George Mozek filed a complaint seeking relief in the nature of certiorari, G. L. c. 249, § 4, in the Supreme Judicial Court for Suffolk County. He alleged that, because he timely had claimed a right to trial by jury in an underlying civil action, a judge in the Superior Court violated his constitutional rights by conducting a summary judgment proceeding instead of a jury trial. But see, e.g., Kourouvacilis v. General Motors Corp., 410 Mass. 706 , 716 (1991). In addition, he claimed that "irregularities" in the Superior Court's procedures and docketing deprived him of due process of law. Mozek sought an order requiring the Superior Court to certify the record to this court, and to "desist" from further proceedings pending review. [Note 2]
The single justice properly denied relief. Review under G. L. c. 249, § 4, is available, in the words of the statute, to "correct errors in proceedings . . . which . . . are not otherwise reviewable by motion or by appeal." "[C]ertiorari does not provide an additional or alternative avenue of appellate review." Picciotto v. Superior Court Dep't of the Trial Court, 437 Mass. 1019 , 1020 (2002). Here, Mozek has or had an alternative remedy to certiorari,
i.e., the ordinary appellate process. The fact that he raised constitutional issues associated with the right to a jury trial does not alter that analysis.
George Mozek, pro se.
Walter H. Porr, Jr., Assistant City Solicitor (Paul Capizzi, City Solicitor, with him) for city of Revere & another.
[Note 1] Suffolk Superior Court.
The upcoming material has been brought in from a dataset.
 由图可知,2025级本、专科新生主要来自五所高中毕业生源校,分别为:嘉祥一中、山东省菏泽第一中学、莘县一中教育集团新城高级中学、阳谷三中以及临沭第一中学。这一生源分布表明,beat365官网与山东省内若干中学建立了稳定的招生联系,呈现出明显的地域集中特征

We acknowledge that the board of health of Revere (board) is a party to the underlying Superior Court action and that Mozek argues that the board is a party to this appeal as well. We shall treat the board as a party.
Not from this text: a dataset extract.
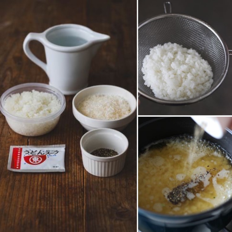 1)冷ごはんは水で洗って、ザルに上げて水気をきる。

[Note 2] Mozek's appellate brief makes arguments, and seeks relief, neither made to nor requested from the single justice. Among other things, he alleges that the Superior Court judge erred in entering summary judgment, and that the Appeals Court erred in various respects in matters he filed in that court. "We do not consider any . . . issues, arguments, [or] claims raised [by the petitioner] on appeal that were not raised before the single justice." Bloise v. Bloise, 437 Mass. 1010 , 1010 (2002).